Герцог Брамадорский смотрел на своего убийцу так спокойно, что Харрисону стало не по себе. Он торопливо, почти не целясь, выстрелил. Дубовый шкаф разлетелся в щепки. Заряд прошел сквозь герцога, не причинив тому ни малейшего вреда. Харрисон попятился, но словно налетел спиной на невидимую стену и остановился.

— Надо иметь смелость признать свое поражение, — сказал вельможа и приветственно протянул руку. — Думаешь, ты в этой игре единственный читер?

Пустышка

Федор вставил сетевую карту в компьютер, подключил кабель и щелкнул выключателем. По экрану побежали буквы, загрузилась операционная система. Федор поправил очки, проверил сервер — связь есть. Все работает.

Не успел он собрать инструменты, как зазвонил телефон.

— Федюня! — сладко запела секретарша. — Зайди к Сергей Сергеичу! Срочно, пожалуйста!

Директор ждал в приемной. Его вечно недовольное лицо хмурилось, глаза сурово смотрели исподлобья. Говорят, он когда-то работал в милиции, да так и не смог отвертеться от обвинения во взятке…

На столе завывал приемник. «Никто не знает моих проблем, кроме Бога…» Смазливая секретарша уткнулась в монитор и чему-то ехидно улыбалась. Возле двери скучал охранник — мордоворот с красным, лишенным интеллекта лицом. Нет, не лицом. Харей.

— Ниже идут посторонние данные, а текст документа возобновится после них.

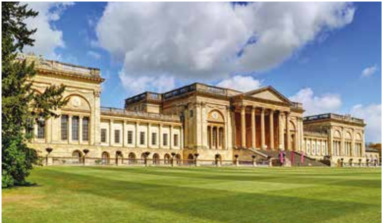
Stowe House and Landscaped Gardens
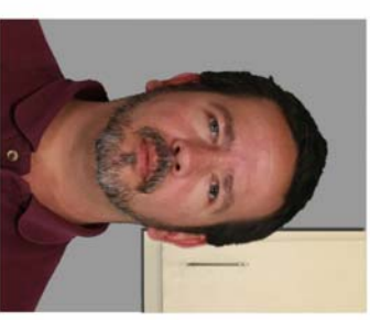
No Foreign Objects
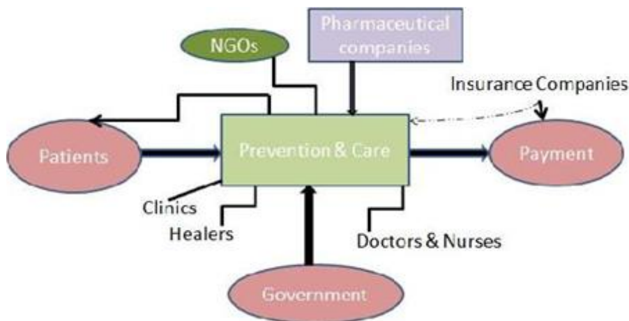
Figure 1: The Health-Care System

If we think of it from an economic standpoint when someone is sick, they go to a hospital or clinic where they are cared for by physicians or nurses, and they pay for this service. And the majority of the preventatives they did not provide as an increment would be completed, which means a doctor would take care of a patient and after healing the illness, the patient would be required to pay a certain sum. There are several illnesses that affect people all around the world. The government is the most prominent aspect. The governments of different nations have tried a variety of ways to improve their healthcare systems, all with the goal of achieving the greatest possible results. Figure 1 depicts the complete healthcare system in its entirety.
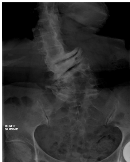
Figure 1: Standing full cassette films of the thoracolumbar spine showing the severe degree of preoperative coronal and rotatory scoliotic deformity.

of instrumentation to gain access safely to correct deformity and gain an adequate fusion. This new technique has been used at our institution for the past three years with excellent results but has not been reported in the literature as of yet.
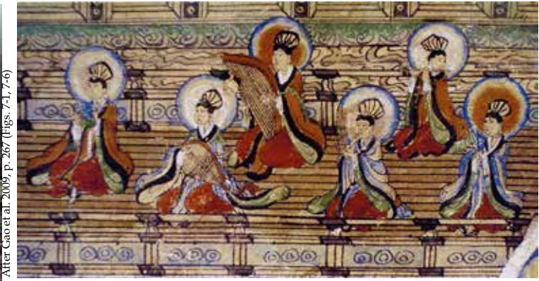
After Cao et al., 2009, p. 267 (figs. 7-1, 7-6)
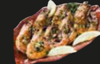
PAN FRIED GARLIC BUTTER PRAWNS
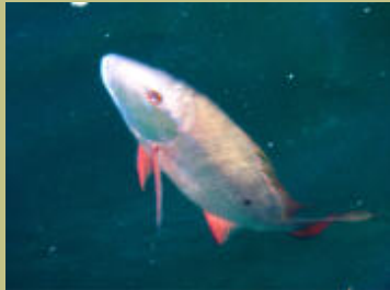
A beautiful snapper
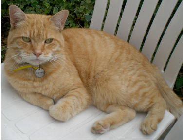
Figure 2: Randolph
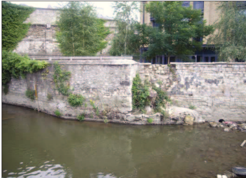
Plate 3: General view of wall prior to start of conservation works
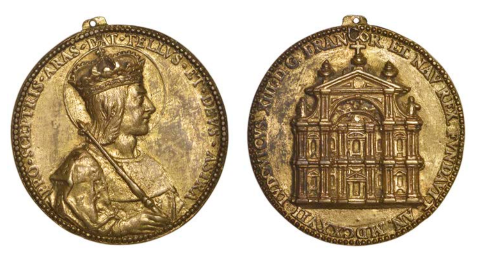
452 FRANCE , Laying of the Foundation Stone of the Church of St Louis, 1627, a cast gilt-bronze medal, unsigned, crowned bust of St Louis right, rev. façade of the church, 57mm (Jones 342). Plugged at top, gilding worn in places, otherwise very fine; with small loop for suspension £200-£260

453 FRANCE , Entry of the Legate into Paris, 1660, a brass medalet, unsigned, 25mm; Count of Anglès, 1818, a copper medal by A. Galle, 41mm; Birth of the Duke of Bordeaux, 1820, a copper medal by J.-P. Montagny, 52mm (BDM IV, 128); Felix de Beaujour, 1827, a bronze medal by J.-J. Barre, 46mm (BDM I, 130); Charles X, a uniface brass cliche, unsigned and undated, 45mm; School of Design, a bronze prize medal by A. Caqué, rev. named (Ch. Barnier, 1847), 41mm; Unveiling of the Statue of Marshal Drouet at Reims, 1849, a copper medal by A. Garnier, 50mm (BDM VII, 340); Universal Exposition, Paris, 1855, a white metal medal by A. Caqué, 50mm; together with a Monneron token and modern copies of medals by Brenet and Jaley [10]. Varied state; one cased
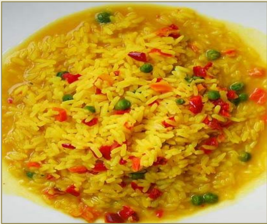
Yellow Rice / Arroz Amarillo Yellow rice with mixed vegetables and bell peppers
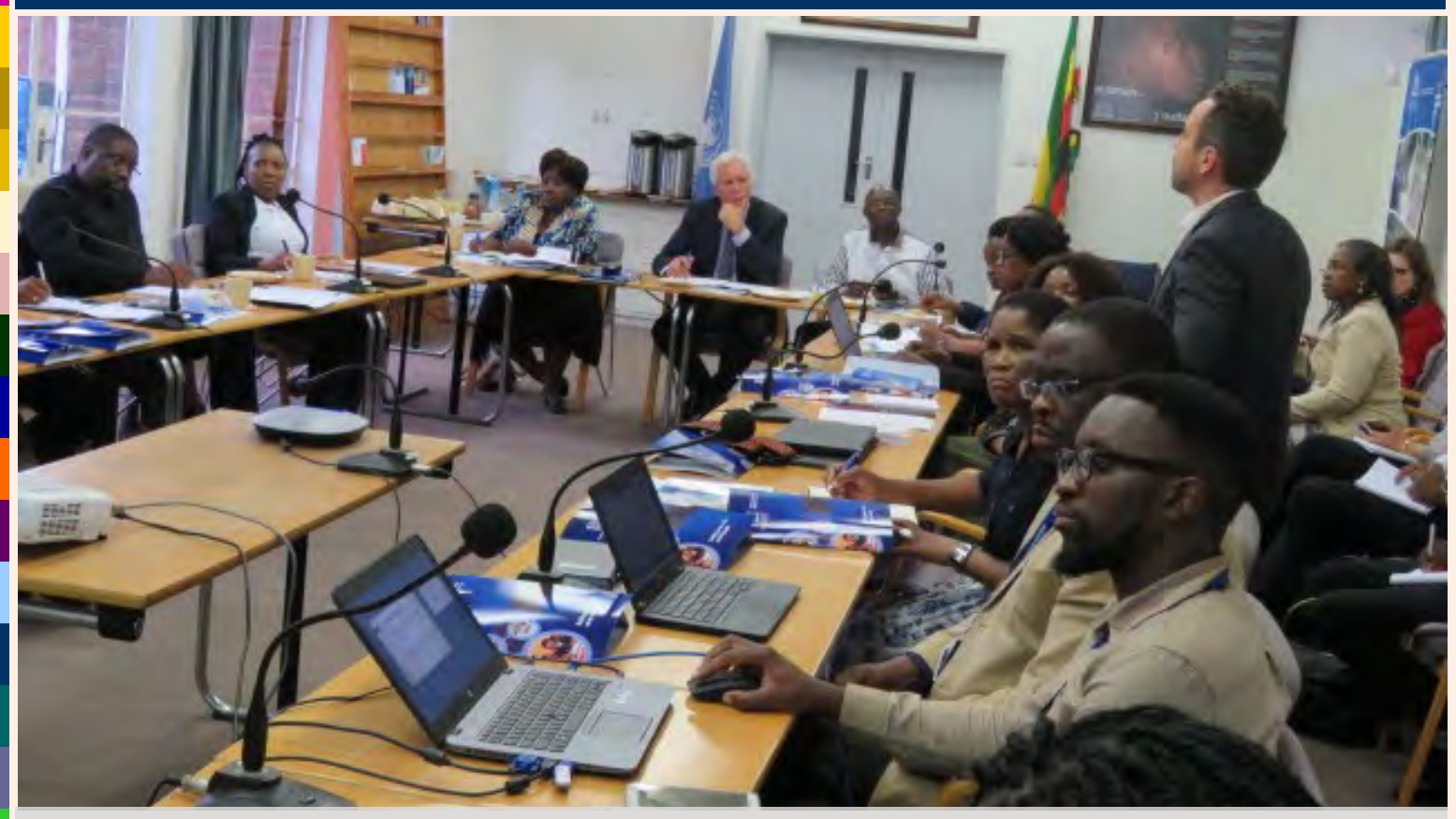
ROSA staff and Secretaries General following the presentations at the meeting

— Ты уволен, — коротко бросил директор Федюне. — Расчет получишь завтра. Премию я с тебя вычту.

Федор отступил на шаг.

— Да как же так, Сергей Сергеич! За что?

— У тебя две сетевых карты сгорело за два дня, раздолбай! Одни убытки приносишь!

— Я же говорил: компьютеры нужно заземлять! Просил же провод! — в отчаянии крикнул Федор.

— С проводом и дурак сделает. А ты без провода мне сделай! Я тебе бабло не рожаю!

На Федора что-то нашло. Все помутилось перед глазами. Он вдохнул побольше воздуха и крикнул:

— Это вы — дурак! Вы — кретин и тиран! Вы не понимаете, как надо делать!

Сергей Сергеич посмотрел на секретаршу и спокойно сказал:

— Запиши Федюне штраф в размере расчета. И скажи охране, чтобы его больше не пропускали.

Федор похолодел:

— Как… штраф…

Начальник ухмыльнулся:

— А вот так. Все! Свободен, дружок.

Федор сжал кулаки, но не успел двинуться с места: тренированный охранник мгновенно подсек его. Федюня растянулся на полу. Слезы полились по щекам, он бухнулся на колени.

— Сергей… Сергеич… как же так… — всхлипывал Федюня. — Меня… на улицу… выгонят! Ну хоть зарплатууу! Ну… даааайте! Ну, простииите дурака…

Он пополз на коленях, обхватил ногу начальника, словно крепостной крестьянин умолял барина простить недоимку. Радио никто не выключил. «Кто построит нам рай на Земле» — заливалась соловьем какая-то певица.

Директор скривился и прошипел:

— Вон отсюда, урод. Петух, лох педальный! Под шконкой твое место!

Охранник схватил Федора за шкирку. Затрещал воротник. Федюня вылетел на улицу, прямо в лужу, под моросящий октябрьский дождь. Рюкзак с инструментами шлепнулся рядом.

Размазывая кулаком слезы, Федор побежал обратно к директору. Охранник встал непоколебимой скалой на его пути:

— Тебе что сказали, сученыш? Вон, падла, пока не урыл!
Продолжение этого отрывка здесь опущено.